2.6. Feature Selection
In diagnosis modelling, selecting the most relevant features is crucial for enhancing the model's performance and reducing computational complexity. Feature selection helps focus on the variables that have the greatest impact on the outcome, improving model efficiency and interpretability. Also, the baseline logistic regression model was used without feature selection to evaluate the effectiveness of this technique. Permutation importance with an RF classifier was used to select the top among 151 features to contribute to the diagnosis of osteoporosis. Permutation importance is a method used to evaluate the significance of features in an RF model. By randomly permuting the values of a feature and measuring the impact on the model's performance, this technique assesses how much the feature contributes to diagnosis accuracy. When a feature's values are shuffled, a significant drop in performance indicates that the feature is important, while a negligible change suggests it has little influence. This approach provides a straightforward way to interpret the contribution of each feature in the RF model, helping to identify which features are most critical for making accurate diagnoses. Finally, the top 20 features were selected by the permutation importance strategy to build the ML model.
2.7. Statistical Analysis
Continuous variables were expressed mean ± standard deviation (SD) or median (interquartile range), depending on the distribution of the data, and were analysed by an independent t test or Mann–Whitney U test. The independent t‐test was applied when the data followed a normal distribution to compare the means between two groups, while the Mann–Whitney U test was used for non‐normally distributed data as it is a non‐parametric alternative that compares medians. Categorical variables were presented as absolute numbers (n) and relative frequencies (%) and were analysed by the chi‐square test. ML classification models were built using Python software, and accuracy, precision, sensitivity, specificity, F1 score and area under the curve (AUC) (95% confidence interval [CI]) were presented. Differences with p < 0.05 were considered statistically significant. The data were analysed using SPSS version 18 (IBM Corp., Armonk, N.Y., USA).
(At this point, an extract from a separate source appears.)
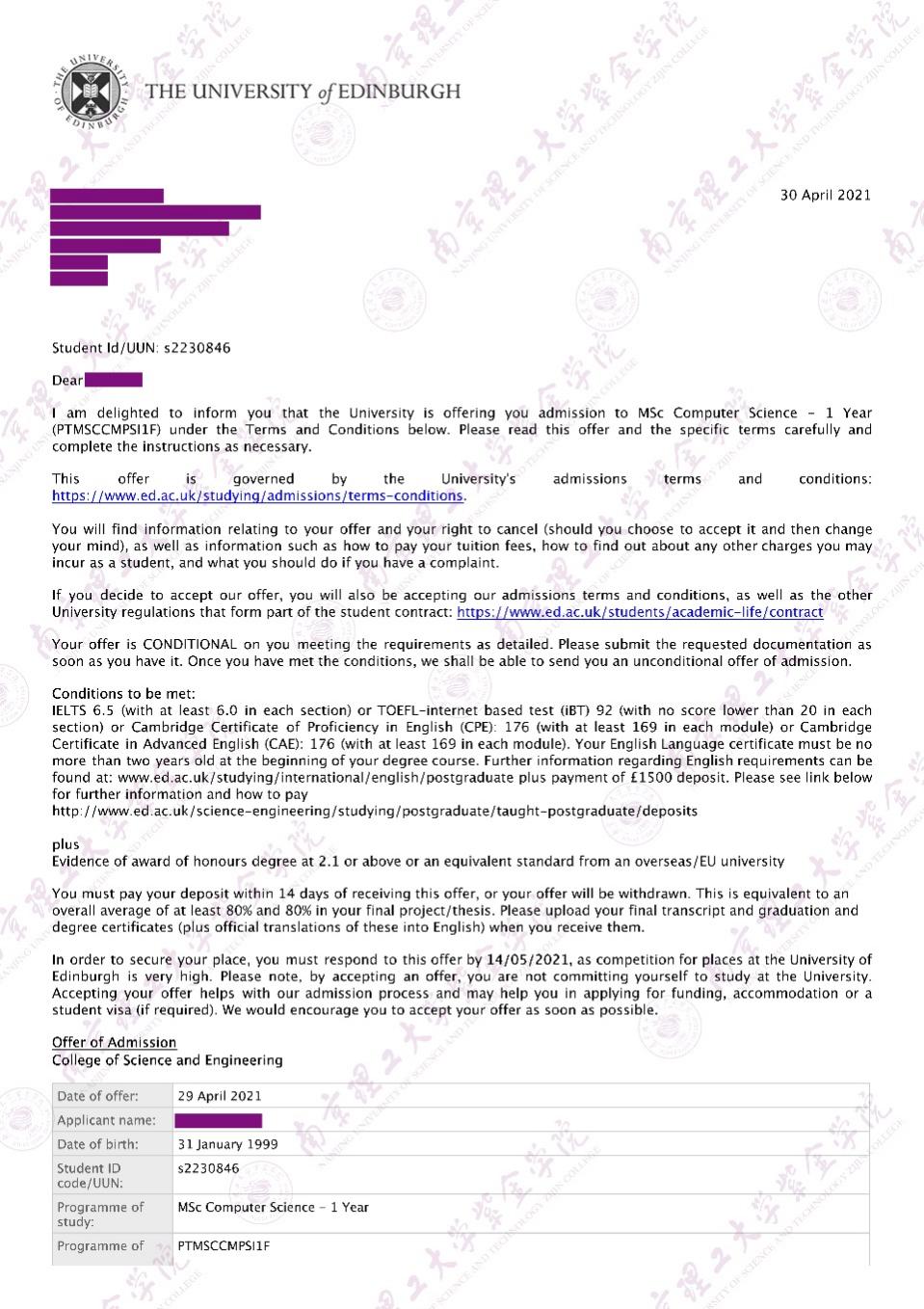 被爱丁堡大学录取!!!
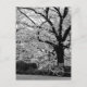 Une photo en noir et blanc d'un vélo garé devant un grand cerisier en fleurs dans une rue de Tokyo, au Japon.

2.8. Ethics Approval and Consent to Participate
The study was approved by the ethics committee of the Fasa University of Medical Sciences (approval number: IR.FUMS.REC.1401.240) and adhered to Helsinki guidelines. Furthermore, all subjects provided written informed consent before participating. The authors have no access to information that could identify individual participants during or after data collection.
3. Results
The participants with the mean ± SD of age of 48.63 ± 9.57 years and a male‐to‐female ratio of 0.8:1 reported that 9.8% had osteoporosis. Table 1 presents the top 20 features of all participants and a comparative analysis of key demographic and clinical characteristics of the study population, split between non‐osteoporosis and osteoporosis groups. Understanding these characteristics is essential for assessing baseline disparities and providing context for how osteoporosis correlates with various sociodemographic and health‐related factors.
TABLE 1.
The top 20 features of all study participants.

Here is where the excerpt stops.